Chapter 37

Amy

London

Amy sat on the edge of her bed in the house share, staring at the wall without really seeing it.

The room felt foreign around her... Naomi had done her best to make it welcoming but Amy's boxes that she'd come back with that day were stacked in the corner, her life still in transition.

The afternoon light was just beginning to fade, casting shadows across the floor, and she knew that she needed to go and meet up with Luisa, but she couldn't bring herself to move, not quite yet.

Luckily, all the messages she'd been receiving from them showed that they were having a great time and getting along like a house on fire.

Amy was pleased, not just for Luisa but also because she needed some space, just a little, to process her day.

She still wasn't quite sure how she'd answer if anyone asked her how the day had been. Weird? No, more nuanced than that. Unsettling? Maybe.

She'd arrived at the flat determined to be efficient... in and out with her belongings, don’t drag it out, don’t let the memories crowd in.

That worked, right up until James turned up.

He wasn’t supposed to be there, that had been their agreement, and her initial reaction was irritation. But then she’d looked at him, and she couldn’t stay irritated for long.

He’d looked different somehow. Not physically, still the burly rugby player, but fragile with it. It was the way he held himself, he looked tentative, lacking his usual confidence.

“I’m sorry,” he’d said, pre-empting her. “I just… I couldn’t let you take everything without saying goodbye properly.”

She remembered afterwards how his voice had caught on the word ‘goodbye’, how he'd looked at her with such naked longing that she'd had to glance away.

They'd been together for years. She had loved him, she still felt a great deal of affection for him.

Not in the way she loved Luisa, not with that all-consuming fire that she realising now had never been there with him, but with a steady warmth that had been real, whatever else it wasn't. As much friends as lovers towards the end, but she cared for him still.
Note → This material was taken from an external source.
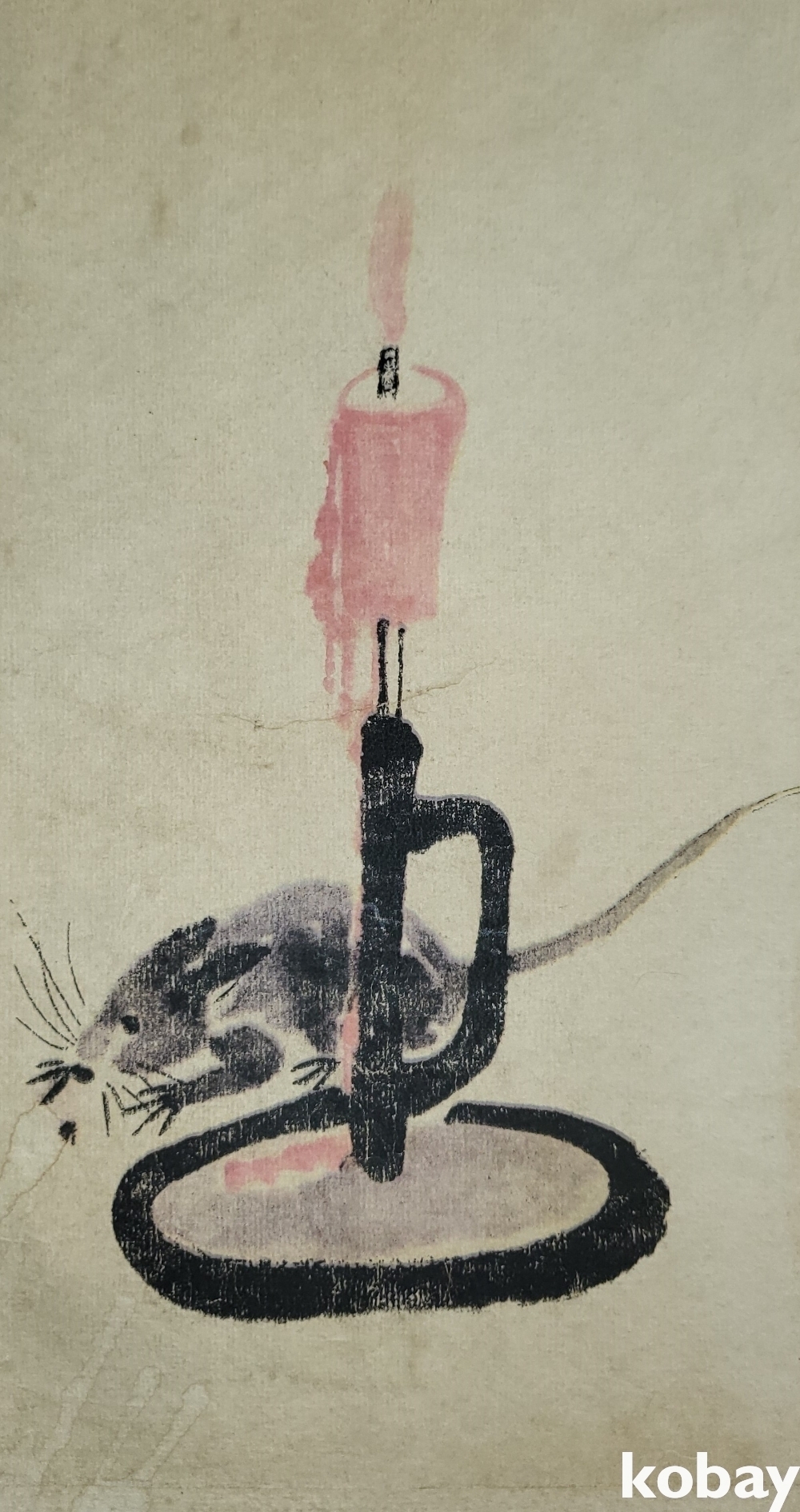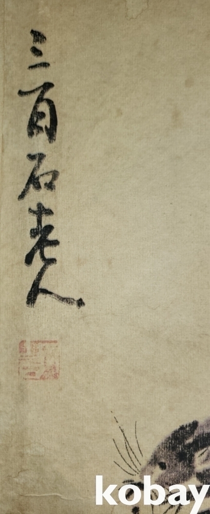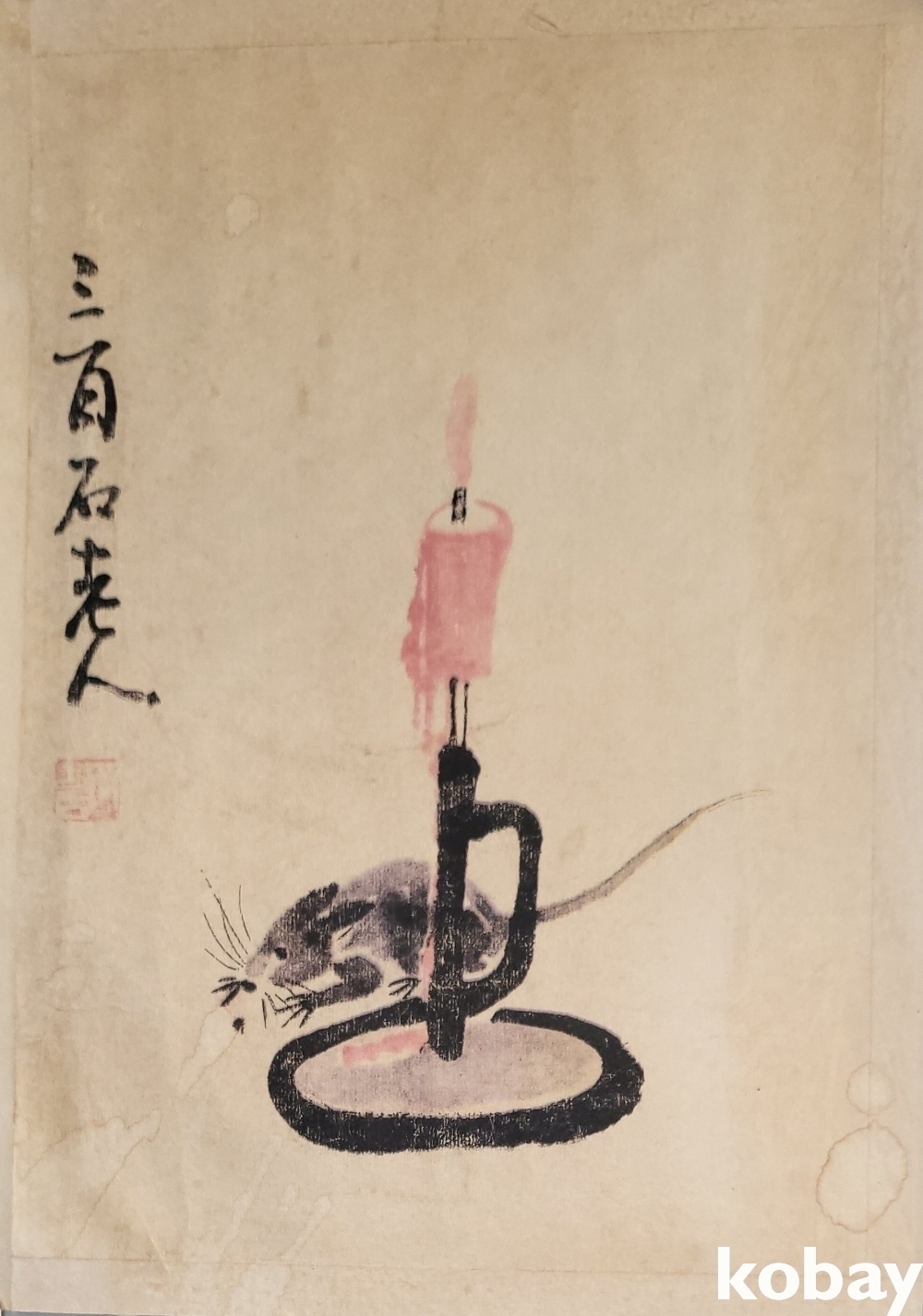 중국의 유명화가 제백석 수결이 보이며 종이에 채색된 쥐 (鼠) 그림입니다,

"Let me help you with those," he'd said, reaching for a box. She didn’t know whether it was deliberate on his part or not, but their hands had brushed and…

She’d felt nothing. No spark, no desire.

Yet he’d looked at her, and she knew that he had. It broke her heart.

"James," she'd said quietly, "we need to keep this simple."

"Is it?" he'd asked. "Simple?"

“No. But it has to be.”

He’d busied himself by making them tea and once she was packed up they’d talked… nothing practical, all small talk, about friends, about work. Weirdly normal save that for half the topics they probably should have discussed they both steered well clear.

And then she’d left.

He helped her with the boxes, helped load them in the taxi, and that was that.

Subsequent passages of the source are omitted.